1973.9: Three Swans
PaintingsThree white swans sit on blue water. The left swan stretches out its wings, the center swan faces away from the viewer, and the right swan bends its head back against its body. Each of their bodies reflects on the water, most visibly the brightly lit center swan. The water is painted in wide stripes of turquoise and periwinkle. The painting technique consists of concentrated dots of color that are abstract up close but form a clear scene from a distance. The medium-brown color of the wooden panel often peeks through the paint, especially around the edges of the painting.
Gallery Text
In the early 1890s, Cross adopted the distinctive “pointillist” style of the neo-impressionist movement, producing brilliantly colored views of the landscape along the Mediterranean in the south of France. Sketches like these, roughly painted on thin, unprimed wood, allowed him to experiment with composition and color arrangements in preparation for his canvases. Easily portable, the lightweight panels were designed to fit into standard paint boxes.
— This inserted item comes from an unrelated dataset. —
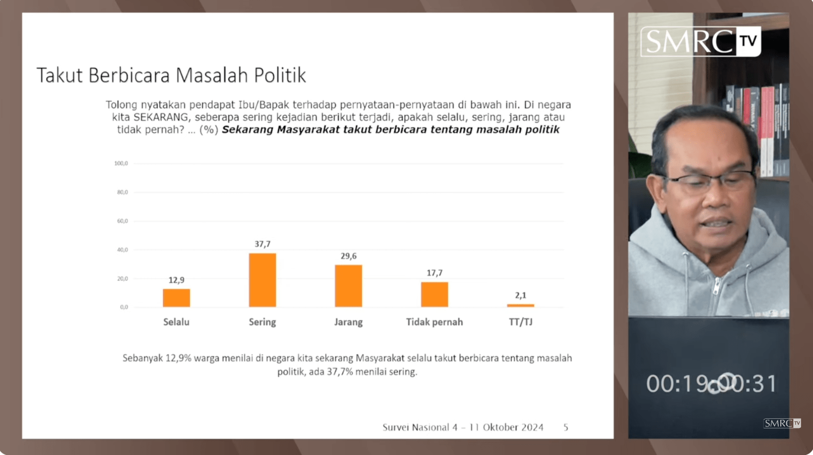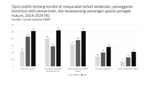 Sepuluh tahun pemerintahan Joko Widodo (2014-2024), 52 persen warga nilai pemerintah sering melanggar konstitusi atau perundang-undangan dan 51 persen merasa semakin banyak warga yang takut bicara politik. Demikian temuan survei Saiful Mujani Research and Consulting (SMRC), Oktober 2024. Hasil survei tersebut disampaikan pendiri SMRC, Prof. Saiful Mujani, dalam program Bedah Politik di kanal Youtube SMRC TV pada Senin, 15 Oktober 2024.

These small studies are related to finished paintings, each offering an intimate detail of what would become a much larger work. Cross’s pointillist technique can best be seen in "Seascape," in which the regularized strokes create the striated colors and reflections of the evening sky. Dappled white and blue dots delineate the interlaced trees and glittering water. Cross was enraptured with the Mediterranean light, which he described as “bathing all things in its radiance.”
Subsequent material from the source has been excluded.